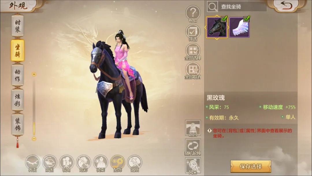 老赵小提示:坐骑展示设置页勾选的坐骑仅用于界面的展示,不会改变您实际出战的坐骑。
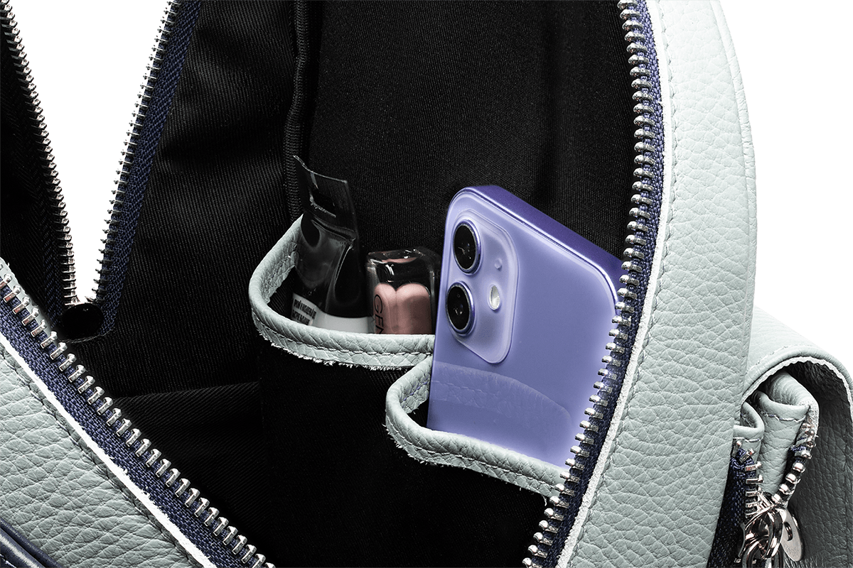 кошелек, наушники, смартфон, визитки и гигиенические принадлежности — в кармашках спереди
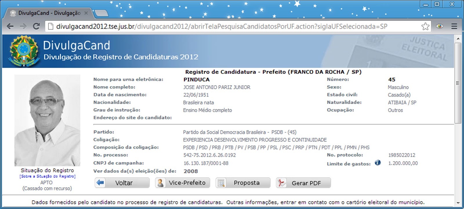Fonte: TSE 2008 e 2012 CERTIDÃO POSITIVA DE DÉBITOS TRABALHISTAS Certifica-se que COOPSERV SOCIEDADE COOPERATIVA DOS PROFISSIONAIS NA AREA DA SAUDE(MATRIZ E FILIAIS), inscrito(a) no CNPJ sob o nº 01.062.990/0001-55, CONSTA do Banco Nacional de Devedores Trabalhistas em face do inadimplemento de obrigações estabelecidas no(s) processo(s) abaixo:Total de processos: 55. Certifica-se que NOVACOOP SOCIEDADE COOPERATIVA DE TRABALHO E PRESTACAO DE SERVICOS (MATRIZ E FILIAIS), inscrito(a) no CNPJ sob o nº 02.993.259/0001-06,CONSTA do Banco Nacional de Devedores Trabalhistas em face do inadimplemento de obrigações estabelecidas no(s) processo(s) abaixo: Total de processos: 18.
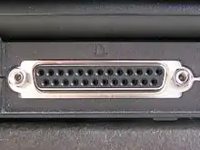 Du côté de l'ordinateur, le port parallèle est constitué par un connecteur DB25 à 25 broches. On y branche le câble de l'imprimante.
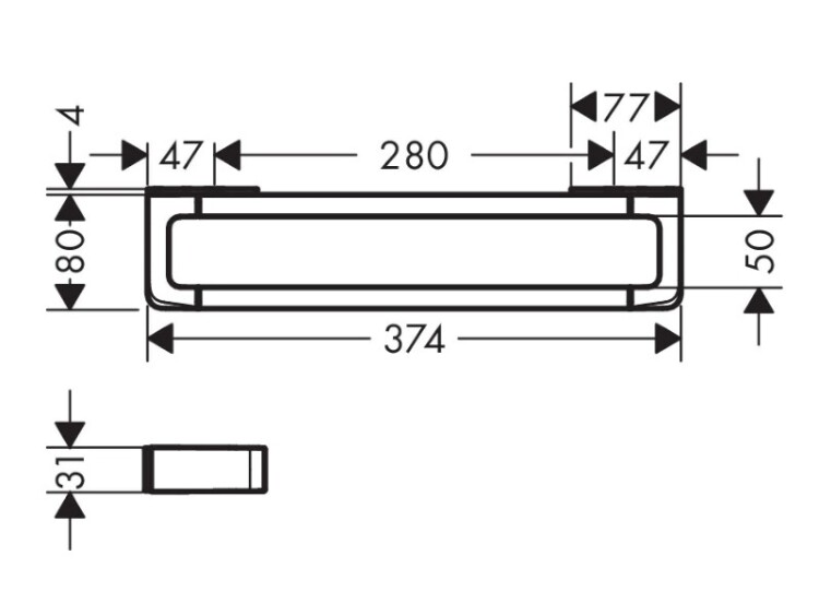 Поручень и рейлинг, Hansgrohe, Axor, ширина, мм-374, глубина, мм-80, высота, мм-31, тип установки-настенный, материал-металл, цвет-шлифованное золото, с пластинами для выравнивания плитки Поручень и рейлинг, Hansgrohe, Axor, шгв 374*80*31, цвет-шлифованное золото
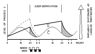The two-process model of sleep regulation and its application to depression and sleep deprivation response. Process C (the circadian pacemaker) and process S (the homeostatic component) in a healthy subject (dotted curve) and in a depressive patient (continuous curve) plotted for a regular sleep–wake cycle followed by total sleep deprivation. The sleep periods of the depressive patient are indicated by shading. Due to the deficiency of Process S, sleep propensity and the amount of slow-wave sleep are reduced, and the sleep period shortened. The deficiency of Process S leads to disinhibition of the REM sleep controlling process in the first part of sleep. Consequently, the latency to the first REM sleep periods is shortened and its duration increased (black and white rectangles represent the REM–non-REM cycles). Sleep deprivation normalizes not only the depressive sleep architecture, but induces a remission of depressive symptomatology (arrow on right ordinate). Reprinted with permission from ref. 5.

▸ **Problem requirements**
Reproduce only the lines from the first line of the entries through the line containing "Fonte: TSE 2008", exactly and with both ends kept. Omit the pictures.

▸ **Task solution**
 老赵小提示:坐骑展示设置页勾选的坐骑仅用于界面的展示,不会改变您实际出战的坐骑。
 кошелек, наушники, смартфон, визитки и гигиенические принадлежности — в кармашках спереди
Fonte: TSE 2008 e 2012 CERTIDÃO POSITIVA DE DÉBITOS TRABALHISTAS Certifica-se que COOPSERV SOCIEDADE COOPERATIVA DOS PROFISSIONAIS NA AREA DA SAUDE(MATRIZ E FILIAIS), inscrito(a) no CNPJ sob o nº 01.062.990/0001-55, CONSTA do Banco Nacional de Devedores Trabalhistas em face do inadimplemento de obrigações estabelecidas no(s) processo(s) abaixo:Total de processos: 55. Certifica-se que NOVACOOP SOCIEDADE COOPERATIVA DE TRABALHO E PRESTACAO DE SERVICOS (MATRIZ E FILIAIS), inscrito(a) no CNPJ sob o nº 02.993.259/0001-06,CONSTA do Banco Nacional de Devedores Trabalhistas em face do inadimplemento de obrigações estabelecidas no(s) processo(s) abaixo: Total de processos: 18.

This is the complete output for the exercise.